Конечно, все вокруг удивлялись, что может быть общего между обаятельным культурным отцом Вероники и ее грубоватой матерью, и каждый объяснял это себе по-разному, то есть каждый по-разному был далек от истины: не из жалости он женился на одинокой женщине, не из расчета он пристроился возле заведующей большим овощным магазином, не из порядочности узаконил их отношения, когда она носила Веронику, — нет. Терпя крушение за крушением, и с женщинами, и на работе (часто одно вызывало другое и наоборот), он слишком уставал от жизни, смирялся и на ощупь искал надежное убежище, пристанище, угол, где бы ему разрешили перевести дух, опомниться. Его союз с матерью был временной уступкой прозе жизни, ее грубой материальности — так, по крайней мере, он объяснял это спустя несколько лет в письме к дочери, которая знать его больше не желала, — он прилепился к этой женщине, чтобы возле нее отогреться, воспарить и, свободным, как птица, устремиться на поиски новых голосов и приключений.

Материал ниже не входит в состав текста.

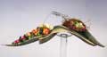BENTORNATA PRIMAVERA! GRANDE SUCCESSO A PADOVA IN OCCASIONE DELLA RECENTE EDIZIONE PRIMAVERILE DI FLORMART/MIFLOR Testo di Elisa Zamariola - Foto Prisma Studio di Ozzano Emilia (Bo) Flormar/Miflor ha aperto i battenti alla sua 50esima edizione venerd� 18 febbraio. L�affluenza, non cospicua come quella delle precedenti edizioni , � stata forse frenata dal blocco del traffico e dalle condizioni climatiche non favorevoli. I visitatori, molti dei quali provenienti dai Paesi dell�Est (Russia, Polonia, Ungheria, Croazia e Repubblica Ceca) non sono comunque mancati nel nostro stand, il cui allestimento � stato curato dal Laboratorio Nazionale di Arte Floreale. Una meravigliosa cornice a tema primaverile, che ha accolto gli splendidi accessori firmati Enzo De Gasperi: vasi importanti, piatti, vetreria e ceramiche di dimensioni considerevoli, adatti all�allestimento di grossi spazi espositivi. Per la realizzazione delle opere sono stati utilizzati elementi naturali come paglia, fieno, rami di salice contorto, di nocciolo, di betulla e di vite. L�ispirazione al mondo della natura caratterizza sempre le presenze del Laboratorio Federfiori, � l�elemento portante della filosofia del Gruppo. Nei loro incontri di lavoro e nelle loro ricerche, infatti, i componenti del Laboratorio studiano e sperimentano tecniche compositive� suggerite dalla ricchezza e dalla spontaneit� della natura stessa, cercando di carpirne la bellezza riproponendola nelle loro composizioni. Troviamo il pensiero del Laboratorio in ogni lavoro proposto nelle loro performances, e negli elementi compositivi sono molti i richiami alla natura e alla stagione primaverile: dalla paglia utilizzata nei vasi, ai nidi di rami in vegetazione con uova e fiori. Molti gli �oggetti floreali� proposti, vere e proprie opere di design, oggetti che gi� da soli costituiscono un elemento decorativo importante, e che trovano la loro completezza con fiori e verde. Di grande effetto la riproduzione di ambienti e habitat naturali, composizioni di piante di impatto visivo immediato e di lunga durata nel tempo (se viene conservato l�apparato radicale delle piante).� L�obiettivo � quello di creare un piccolo giardino, di dare una sensazione di spontaneit� d�insieme. Il Gruppo, composto da Alessia Malverdi, Raffaella Perego, Santina Roversi, Emiliano Amadei, Matteo Bertoni, Paolo Zadra, ha lavorato in armonia, sia nelle fasi� allestimento che durante le dimostrazioni, coordinato da Laura Lazzeri e Paolo Brugnara, con la regia di Emiliano Filippi. La manifestazione
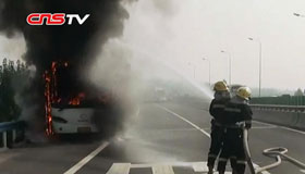郑州:赴少林寺中巴着火 瞬间剩空架
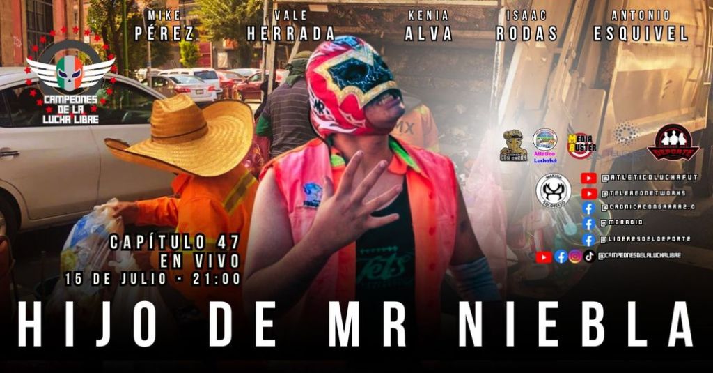 En este episodio del programa Campeones de la Lucha Libre, Mike Pérez, Vale Herrada, Isaac Rodas y Antonio «El profe» Esquivel entrevistan al Hijo de Mr. Niebla, un luchador que está siguiendo los pasos de su legendario padre.
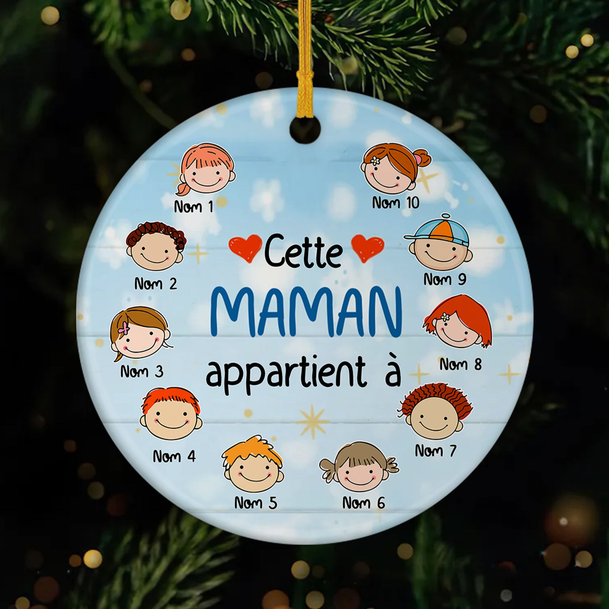 Offrez à votre maman un ornement de Noël personnalisé pour illuminer le sapin avec une touche d’amour et de reconnaissance. Parfait pour la fête de Noël, ce cadeau unique célèbre le lien précieux entre une mère et ses enfants. C’est un souvenir symbolique qui réchauffe le cœur chaque année.
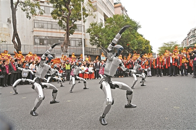 在巡游方阵中,佛山市领导班子身着国家级非遗——顺德伦教香云纱服饰亮相,成为一道流动的文化风景线。“智造强市方阵”也格外引人注目。人工智能、机器人、半导体芯片、新材料、医药健康等新兴产业的代表们精神抖擞地行进,展示佛山推动传统产业转型升级、新兴产业发展壮大、未来产业培育布局“三箭齐发”的雄心壮志。
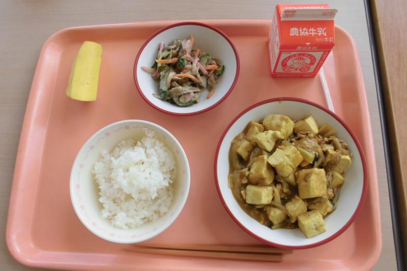 ごはん ごぼうサラダ 豆腐のカレー煮 果物(バナナ) 牛乳
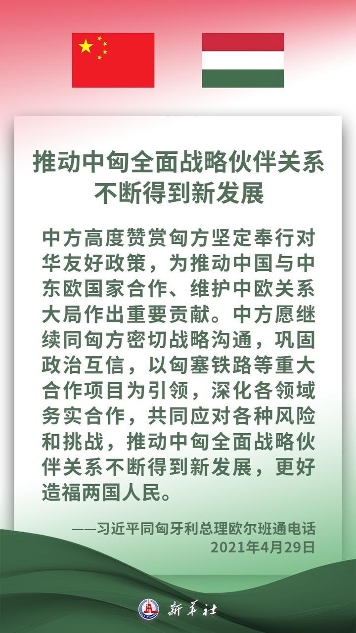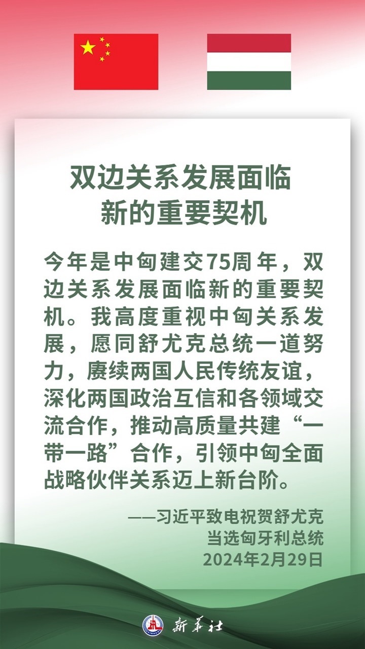 匈牙利是中東歐地區(qū)重要國家,是中方推進(jìn)共建“一帶一路”及中國-中東歐國家合作的重要合作伙伴。近年來,在兩國領(lǐng)導(dǎo)人的戰(zhàn)略引領(lǐng)下,中匈關(guān)系保持高水平發(fā)展,兩國高層交往密切,政治互信持續(xù)深化,各領(lǐng)域合作扎實推進(jìn)、成果豐碩,為兩國人民帶來切實利益。習(xí)近平主席說,中方愿同匈方繼續(xù)做彼此信賴、合作共贏的好朋友、好伙伴。
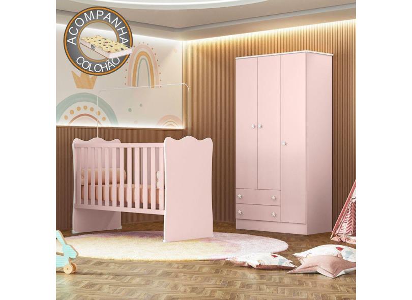 O menor preço encontrado no Brasil para Quarto de Bebê Doce Sonho com Roupeiro 2617 e Berço Simples 1 Qmovi Rosa Acetinado + Colchão Gazin atualmente é R$ 855,96.
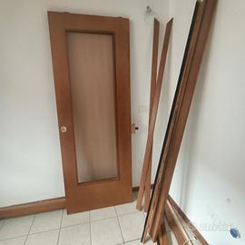 Vendo porta scorrevole ad incasso colore mogano, dimensioni indicative 211x78 cm. con vetro satinato, a seguito di ristrutturazione. La porta viene fornita con spolverini e tavole di tamponamento.
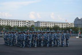 接着教官带领新生们进行队列训练,三百位冉冉升起的新星身着迷彩板正端庄,像挺拔的青松扎根于这片土地。“一二三四,一二三四”,铿锵的口号在排球场上一遍遍回响,从额角慢慢汇聚的汗珠顺着少年稚嫩的脸庞流下,千百次的定点挥臂,遒劲有力的步伐,齐步、踏步、下蹲、停止间转法……一次次练习,一次次纠错,靠脚声逐渐趋向一致,少年人不惧困难,意志坚定,将吃苦耐劳、艰苦奋斗的精神体现的淋漓尽致。
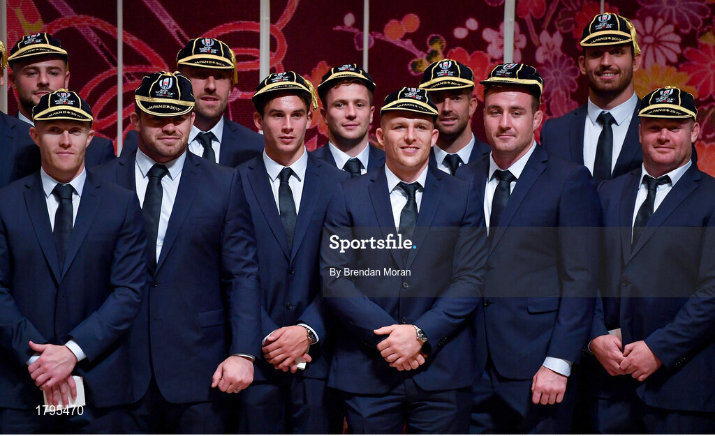 13 September 2019; Ireland players, from left, Robbie Henshaw, Keith Earls, Cian Healy, Jack Conan, Joey Carbery, Jack Carty, Andrew Conway, Rob Kearney, Niall Scannell, Jean Kleyn and Dave Kilcoyne with their RWC2019 caps during their Rugby World Cup 2019 Welcome Ceremony at Mihama Bunka Hall Hall in Chiba Prefecture, Japan. Photo by Brendan Moran/Sportsfile
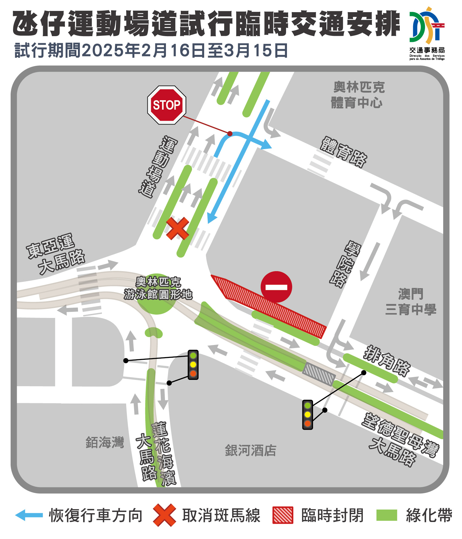 为提升周边道路疏导能力,2月16日至3月15日临时试行恢复运动场道往奥林匹克游泳馆圆形地及运动场道(往运动场圆形地方向)右转至体育路的行车安排,而位于运动场道与学院路之间的一段排角路将临时封闭,运动场道邻近奥林匹克游泳馆圆形地的斑马线亦会暂停使用,市民可使用运动场道邻近体育路的斑马线。(具体请查阅附图3)。
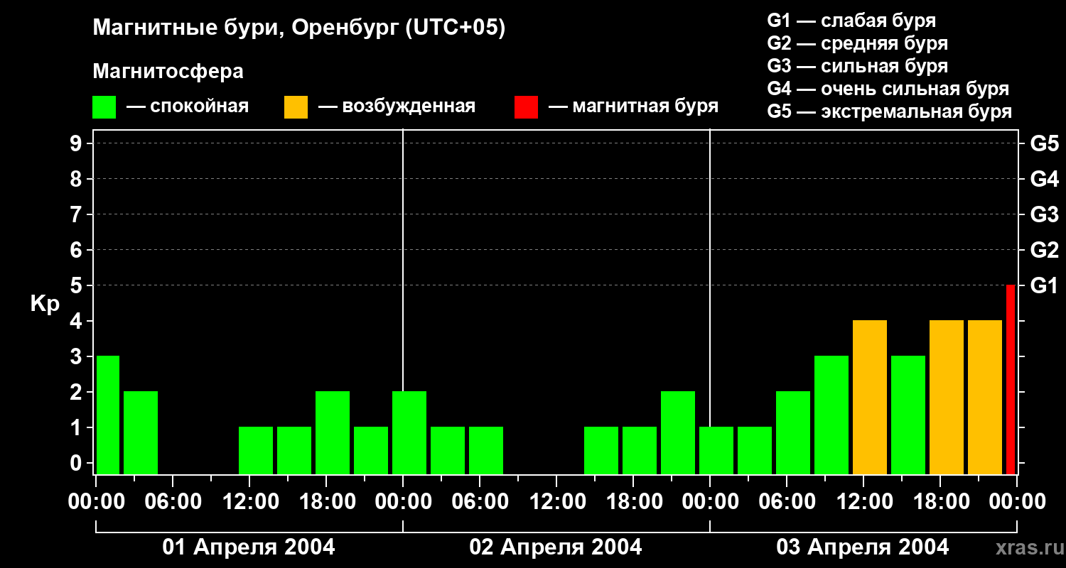 Магнитные бури в Оренбурге — 3 апреля 2004 года

И вот однажды, весело и неунывающе насвистывая куплеты Эскамильо, отец ушел навеки, а вслед ему, как летающие тарелки, полетели все эти проклятые Гуно, трижды проклятые Вивальди (чтоб они провалились!), Моцарты, Мусоргские, и Танеевы, и чертовы Бетховены, и ненавистные Бахи, Брамсы, романсы, контрдансы, реверансы; отец растворился в складках воздуха под торжественную песнь Тореадора, улетучился, — но музыка доблестно осталась, и мать была готова бежать от нее на край света, как Ио, преследуемая оводом, потому что она так верила, что он человек, а то, чем он оказался, не для ушей Вероники, расти, дочка, тоненькой, воспитанной, не то, что твоя неученая мать, которая ни черта не смыслит во всех этих Верди, но зато баба верная и тебя не бросит, как некоторые, что прикрываются разными там Шопенами, а сами подлецы отпетые. Тогда Вероника согласилась не мучить мать и не издеваться над ее бедным сердцем, и музыка ушла в подполье, она слушала ее тихонько, чтобы мама, возвращаясь домой, не вспоминала отца. Постепенно тайна, которой она окружала музыку, вошла в привычку. На уроках музлитературы, когда учительница объясняла, где тема Руслана, а где — Черномора, она мучилась так, точно ее раздевали перед студентами-медиками, чтобы продемонстрировать степень искривления позвоночника. Вероника страдала, когда учительница, запустив руки в горячие внутренности музыки, извлекала оттуда на ощупь перламутровую трубу или золотую арфу. «Слышите, — бесстыже говорила она, — вот в этом месте чистая кварта, как вскрик, — это падает голова казненного Эгмонта». Девочки со скукой внимали ей: действительно, чистая кварта, чище и быть не может, и больше ничего, кроме чистой кварты, не происходило — ни озноба, ни ужаса, ни гибели, ни красоты.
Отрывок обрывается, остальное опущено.